Elliot supports himself by selling art full-time through local shops, Instagram, and is often commissioned for custom portraits and murals. He hopes to continue indefinitely and cover all the walls he can get his hands on with beautiful art, and send paintings all around the world.
Artist Spotlight 8: Avi David Sinai
Avi has been a Liminal Space supporter since day one, bringing his unique artwork to each of our events, be it t-shirts, prints, canvases and live painting. At RETROCHROMA, we were lucky enough to have Avi holding down the "Human Caricature Drawing station" at Liminal Space.
If you'd like a live caricature/drawing done of you (and maybe some friends!) in the unique and unmistakeable style of Avi Sinai, be sure to come back to more of our events!
Avi makes artworks, sells 3d art cards and prints. For more information, visit https://avidavidsinai.wixsite.com/artbombs
Artist Spotlight 9: Oskar and Weston
Oskar and Weston are two of the many core organizers of Liminal Space, bringing music, visuals, and interactivity to the space, bridging the gap between technology, art, biology and humanity.
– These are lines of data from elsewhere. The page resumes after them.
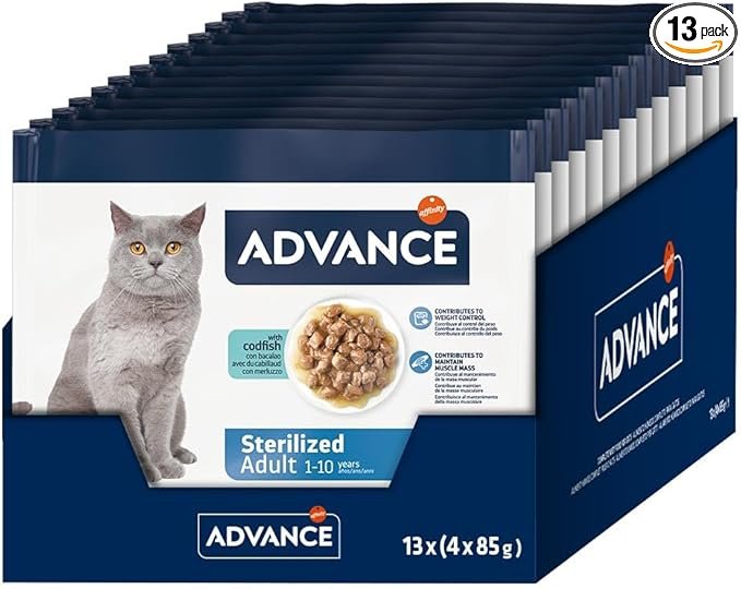 Succombez à la finesse marine avec Advance Pâtée Adulte Cabillaud 85g. Ces délicats effilés de cabillaud en sauce apportent une nutrition équilibrée et une saveur irrésistible, idéales pour les chats adultes amateurs de poisson recherchant une digestion légère.
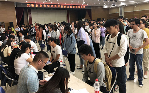 本网讯 为协助做好校庆期间各项服务保障工作,营造校庆人人参与的浓厚氛围,进一步激发大学生的爱校荣校情怀,9月27日中午,我校在欣苑四楼学生活动中心进行90周年校庆志愿者招募面试工作,来自全校16个学院1800余名学生分别参加了引导咨询志愿者、嘉宾联络志愿者、礼仪志愿者、新闻报道志愿者、综合岗位志愿者5个类别的面试。
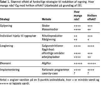 Inden for tobaksområdet - som er den moderne forebyggelses frontområde - er specielt amerikanerne efterhånden nået så langt, at det er muligt på et videnskabeligt grundlag at vurdere potentialet i forskellige forebyggelsesstrategier [9]. Af Tabel 1 ses for eksempel, at skatter og restriktioner er mere effektive end individrettede indsatser med hjælp til rygeophør.
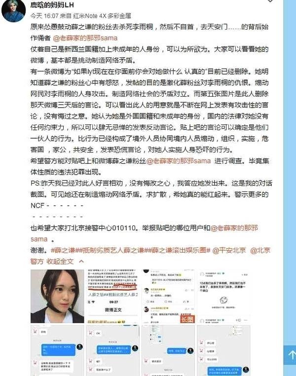 闹大了!李雨桐实名举报薛之谦,指控他滥杀无辜,呼吁警方彻查
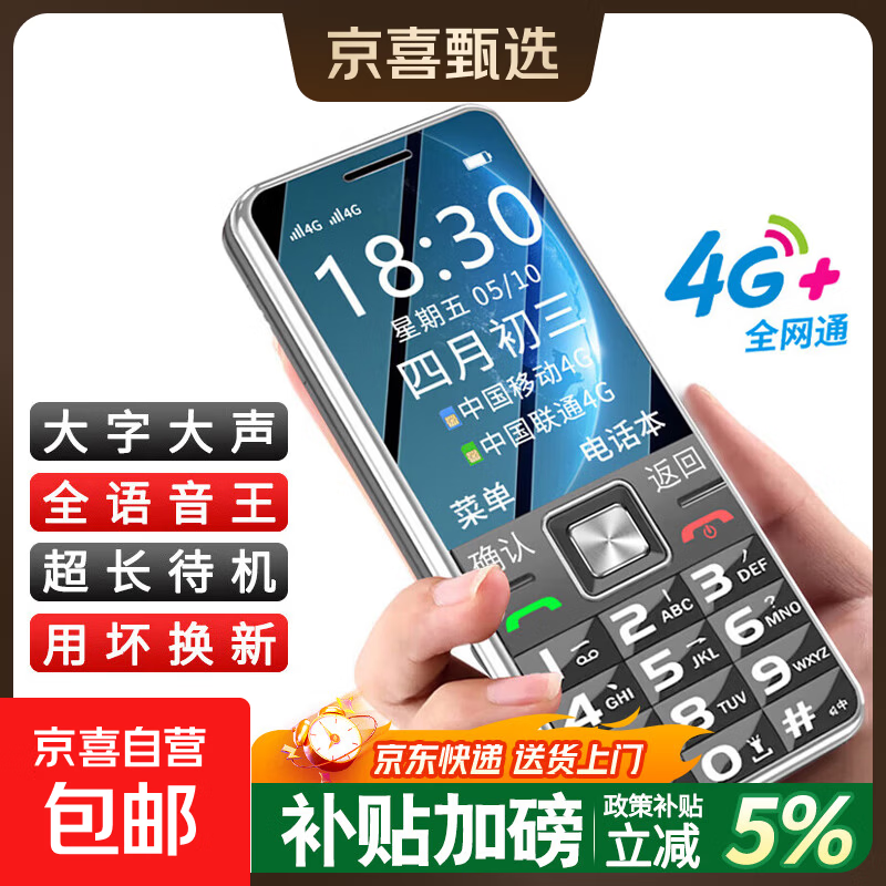 老年人手机国家补贴 4G全网通超长待机直板按键 大字大声音大屏大按键 学生专用商务备用功能机 黑色【全网通】+充电器
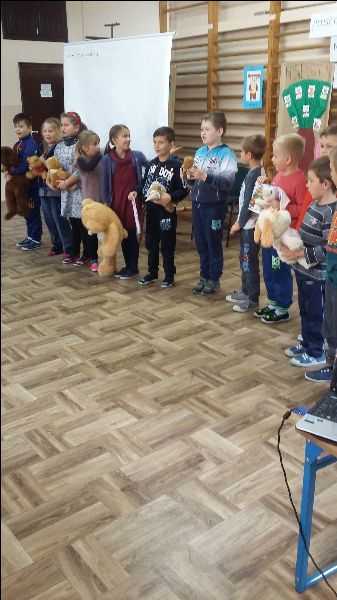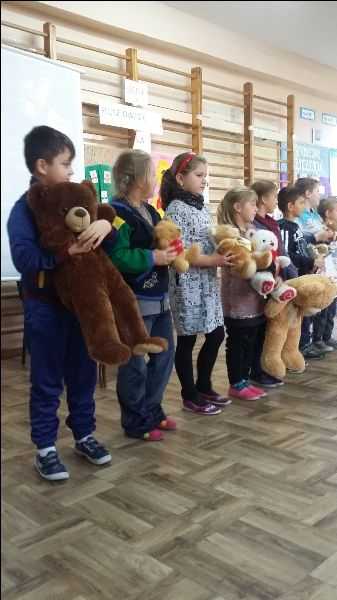 Dnia 20.10.2016 roku odbył się Dzień Pluszowego Misia pod hasłem „Czytamy dzieciom – misie w bajkach i baśniach”. Udział brały przedszkolaki i uczniowie klasy I, II i III. Zaproszono rodziców i panią Lucynę Golembka, która omówiła korzyści z systematycznego czytania dzieciom oraz przeczytała fragmenty bajki „Kubuś Puchatek”. Wcześniej grupy przygotowały plakaty z wybranymi, popularnymi misiami, następnie przedstawiły swoich bohaterów według własnego pomysłu. Dzieci przyniosły ulubione książki o misiach z których zorganizowano „Mini – bibliotekę. Zakończono obchody blokiem muzycznym – „Piosenki o misiach”, oraz życzeniami dla wszystkich:
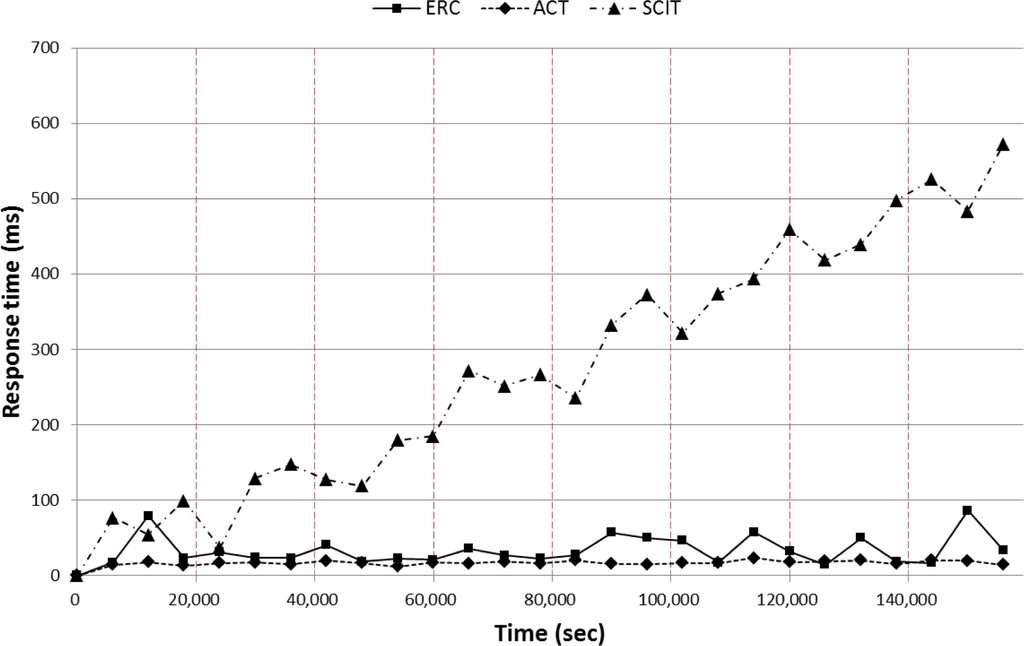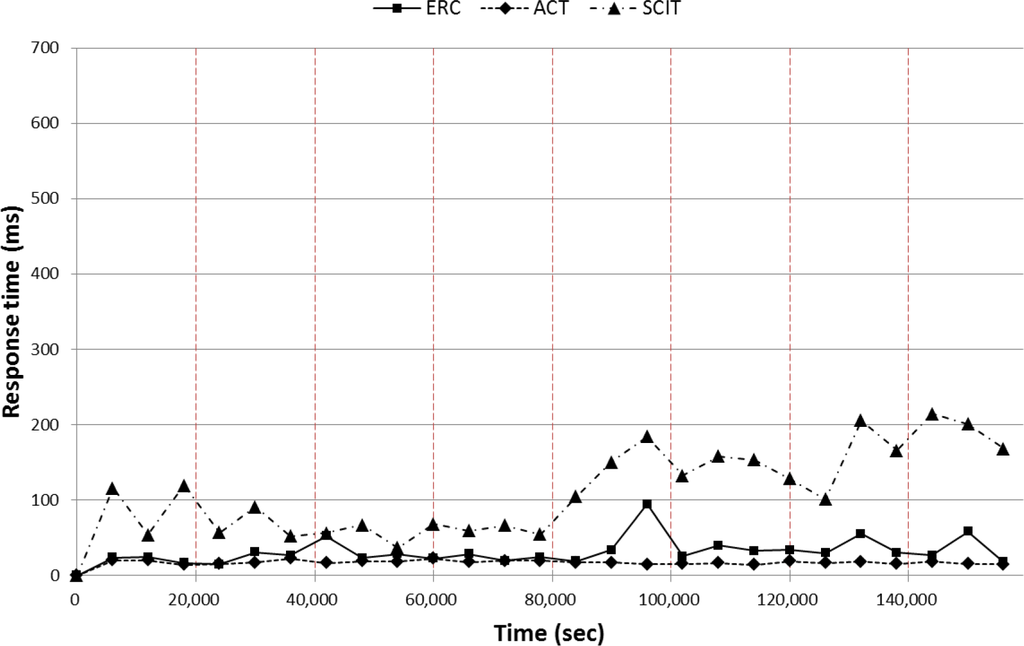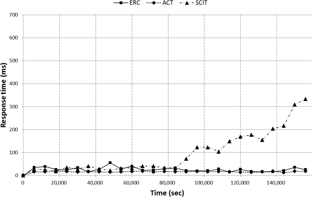 Figure 6 shows the response time of the system based on ERC, ACT and SCIT. ACT transforms the cluster size by periodically checking the whole system’s average response time. The strategy of ACT is well adapted to the condition, and the QoS performance of the system based on ACT is better than ERC and SCIT. However, the number of compromised records is 10 times larger than the other schemes as shown in Table 3, as the cluster expansion causes extension of the exposure time.

At RETROCHROMA, these two hosted a collaborative art project called '50 Shapes of Slime'. Over the course of the night, attendees of Liminal Space painted on a recycled surfboard while a biological Slime Mold simulation was projected onto the surfboard, which reacted to paint as if it were food.
Oskar Elek is a researcher at UCSC Computational Media. He explores how biologically inspired algorithms can shed new light on questions in astrophysics, linguistics and design. At Liminal Space he creates interactive visual performances with the help of a slime mold simulation. Find more at elek.pub
Weston Mossman is a UCSC Electronic Music and Computational Media alum. He is currently an active software architect, guitarist, electronic musician, and event organizer. Liminal Space has been his main creative outlet, and the collaboration he's had the opportunity to witness and join in on is a huge source of inspiration. Weston hopes to spread this outlet and inspiration to the Santa Cruz art community.
Oskar and Weston met while mountain biking and have since been adamantly discussing art, computational media, music, society, fractals and the nature of reality. The 50 Shapes of Slime art project is the result of many months of collaboration and brainstorming, and years of Oskar's research into free-agent Slime Mold simulation.